'''

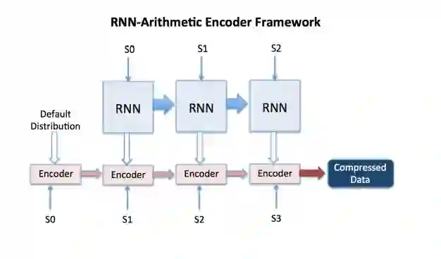 算术编码器和 RNN 评估器模块都通过迭代传递状态信息。算术编码器的最终状态充当压缩数据。
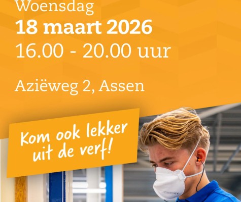 Ga je kijken op de open dag op 18 maart? Welkom!1 dag/week studeren in Assen en 4 dagen/week werken bij Sommer Schilderwerken b.v., goede combinatie π
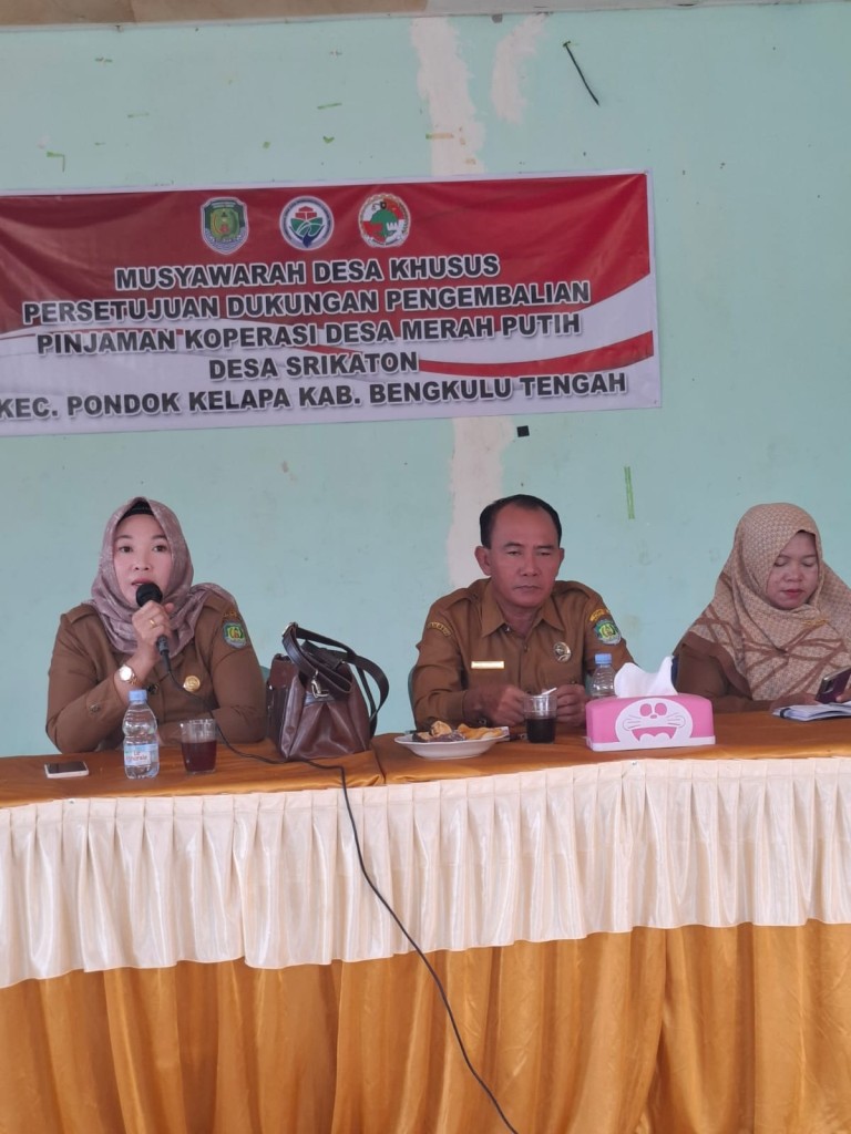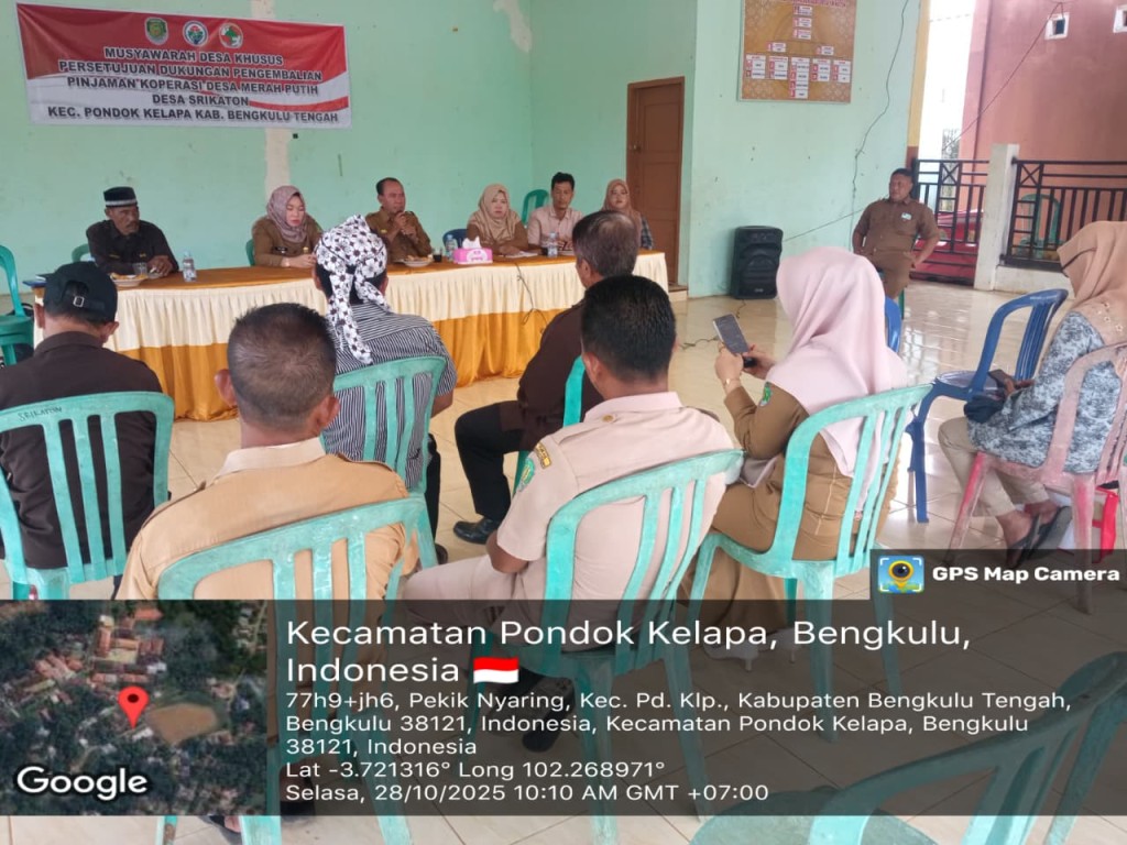 Camat Pondok Kelapa Ridulima, S.Sos., A.Kp., M.A.P menghadiri Musyawarah Desa Khusus Persetujuan Dukungan Pengembalian Pinjaman Koperasi Desa Merah Putih Desa Srikaton di Aula Desa Srikaton, yang dihadiri oleh Camat, Kasubbag Perencanaan dan Keuangan beserta staf Kecamatan, Kepala Desa beserta perangkat Desa, Ketua BPD Beserta Anggota. Pendamping Desa, Ketua Koperasi Merah Putih Desa Srikaton Bserta Anggota, dan Tokoh Masyarakat.Pada hari Selasa, 28 Oktober 2025.

'''

• _Work required_: Give back, exactly and with nothing added, the lines from the line with "Ga je kijken" through the final line of the data, both included; leave pictures out.

• _Solution for this task_:
 Ga je kijken op de open dag op 18 maart? Welkom!1 dag/week studeren in Assen en 4 dagen/week werken bij Sommer Schilderwerken b.v., goede combinatie π
 Camat Pondok Kelapa Ridulima, S.Sos., A.Kp., M.A.P menghadiri Musyawarah Desa Khusus Persetujuan Dukungan Pengembalian Pinjaman Koperasi Desa Merah Putih Desa Srikaton di Aula Desa Srikaton, yang dihadiri oleh Camat, Kasubbag Perencanaan dan Keuangan beserta staf Kecamatan, Kepala Desa beserta perangkat Desa, Ketua BPD Beserta Anggota. Pendamping Desa, Ketua Koperasi Merah Putih Desa Srikaton Bserta Anggota, dan Tokoh Masyarakat.Pada hari Selasa, 28 Oktober 2025.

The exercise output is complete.